Carry On, Nevada

Nevada is betting on the future

And that bet is on: Batteries, Battery-Powered Vehicles, Unmanned Aerial Vehicles (UAVs), Driverless Vehicles, Data, Data Infrastructure, Education, Workforce Development, Clean Energy, and People Who Want To Build Companies Here

By writing this, I hope to give people confidence in the direction that the Nevadan government, education, and business is moving. I understand my friends and colleagues apprehension to “pick winners and losers” with economic incentive packages to large companies making investments in our area, but I share a different perspective

Our government is looking at the present situation in the totality of the circumstances. Technology is the future and Silicon Valley is expensive. By having an intimate knowledge of Northern Nevada, Governor Sandoval and local proven developers are extending that ability to ‘get sh*t done’ to outside projects

The first branch extended? To Elon Musk. In the venture capital and angel investment world, the primary factor focused on in whether or not a company gets funded are the people/the team. Teams who are motivated by passionate missions that supersede money ambition, such as, protecting the future of humanity and life itself, are also usually the ones who succeed. Our first team investment in this new phase of outreach and growth development? The high-value-output people of Tesla. As a represented constituent, I am really okay with this.
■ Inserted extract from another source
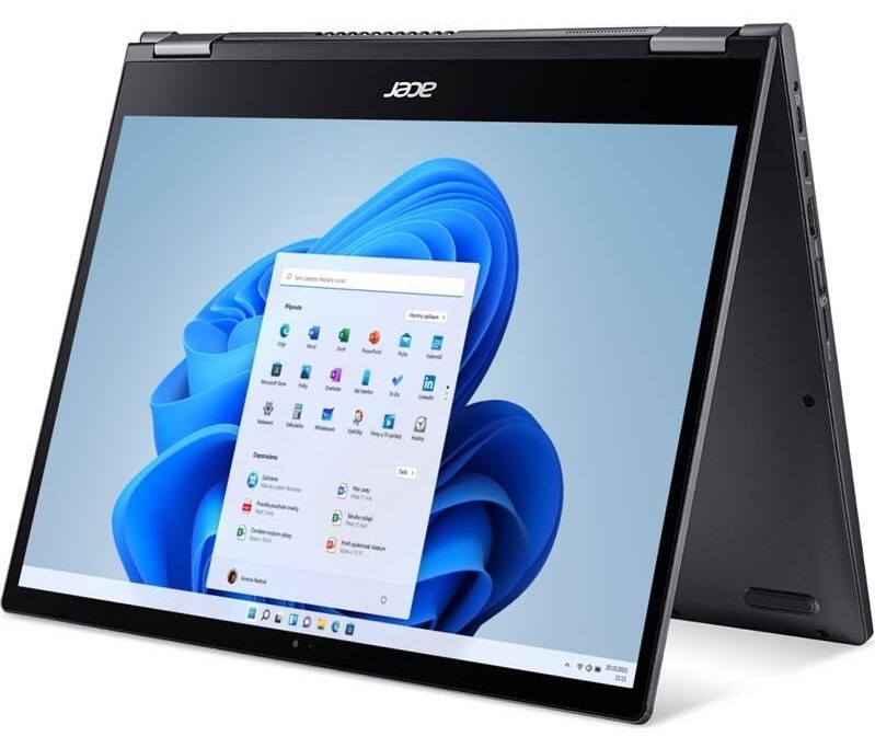 Společnost Acer nabízí stylový notebook, který se svým širokým uplatněním využijete jak v kanceláři při plnění pracovních záležitostí, tak i ve škole nebo doma při sledování oblíbených multimédií. Unikátní otočný displej s dotykovou obrazovkou nabízí široké možnosti použití, s nadčasovým designem notebook hravě zapadne do jakékoliv části vaší kanceláře nebo pracovny. Po odklopení víka s 360° pantem vás ohromí dotykový 13,5" IPS panel s QHD rozlišením (2256 × 1504 px), ideálním poměrem stran 3 : 2 pro práci a poměrem obrazovky k tělu 88 %. Úzké rámečky okolo displeje v sobě uschovávají webkameru s HD rozlišením a mikrofony pro videohovory. V notebooku se nachází předinstalovaný operační systém Windows 11 Home.

It is an A+ move. We’re not only investing in proven winners, we’re contributing to a solution of a MASSIVE challenge for all living entities — See here for details

Instead of the legal taboo of brothels, divorces, and gaming, Nevada is leading the charge on legal freedoms for new industries like UAVs and driverless vehicles. We’re also supporting clean energy. We know that that the Internet of Things is going to increase data traffic on networks by an order of magnitude. Switch/SuperNAP is preparing for these increases in Nevada. The risk versus potential long term yield in partnering in with Switch in education, tax incentives, and jobs is a smart deal I’ll take. Tesla is not only leading the industry in the safest, cleanest, most technically advanced designed and manufactured vehicle in the world, they aren’t even competing in the vehicle industry. Tesla is now a battery company that sells the best cars on the planet. Patents? Oh here, you all can have them

I mean, after growing up racing combustion engine motorcycles with a dad who raced blown alcohol hydro flat bottom boats and NHRA funny cars, you’d think I’d scoff at electric propulsion. Well, I did. But then I drove the Tesla Model S. Serial No: 00000001 while working for Jason Calacanis. After that, Bye Felicia! Elon is just pulled a Steve Jobs iPhone move from 2007 with the Model S vehicle, in his spare time while spending +75% of it launching rockets into space. Nevada is special in its ability to construct multipart deals with partners like these

I read a lot about how this will burden our infrastructure disproportionately — i.e. Big businesses are getting tax breaks and we need those taxes to pay for schools. This is the heart of the problem, right here. We are still failing to ask — how much are these companies are going to pay with the tax incentives? Not how much will these companies will be saving

The issue involves the risk that companies coming to Nevada will burden the roads and schools more than they will add value to the community and ecosystem

I believe that they add more value

Lance Gilman has a model that works out at the Tahoe Reno Industrial Center. Nevada has space and we can move fast. We’re enticing specialized manufacturing to our back yard. We’re tying the incentives to revenue metrics and local hiring. This is a brilliant way to limit risk for the State. I want to create GDP for the State with a strong foundation industry leading companies

We must not forget that we, as a State, are making an investment to better our school system. We want students who attend our schools to create value for the world, emphasis in Nevada. Whether that means starting new companies, or getting great positions at established companies, our challenge would exist without the incentive packages and new companies moving into the region. However, these companies are here now and have been eager to donate and participate in curriculum redevelopment for practical relevant skills that drastically increases the rate of hiring. Successful private industry leaders with businesses at the pinnacle of state-of-the-art products are giving feedback to what works and is needed for the next generation workforce. Let the free market ring! 😉

My friends, we are pivoting away from a gaming-subsidized State budget. I love not having a state income tax too! We have to fund improvements and investments. How do you think deals got done for gaming licenses and casinos in this beautiful shining State of Nevada for the last 100 years? Or how real estate development deals were done? Tax incentives with education and hiring offsets sound much more transparent and measurable to me

Let’s be opportunistic and capture value as partners with these world-changing companies!

Let’s build more of our own! Options for strategic partnerships will only increase with the introduction of more companies building their respective part in the ecosystem!

Let’s analyze the data on the yield from education curriculum changes and where taxes captured are spent!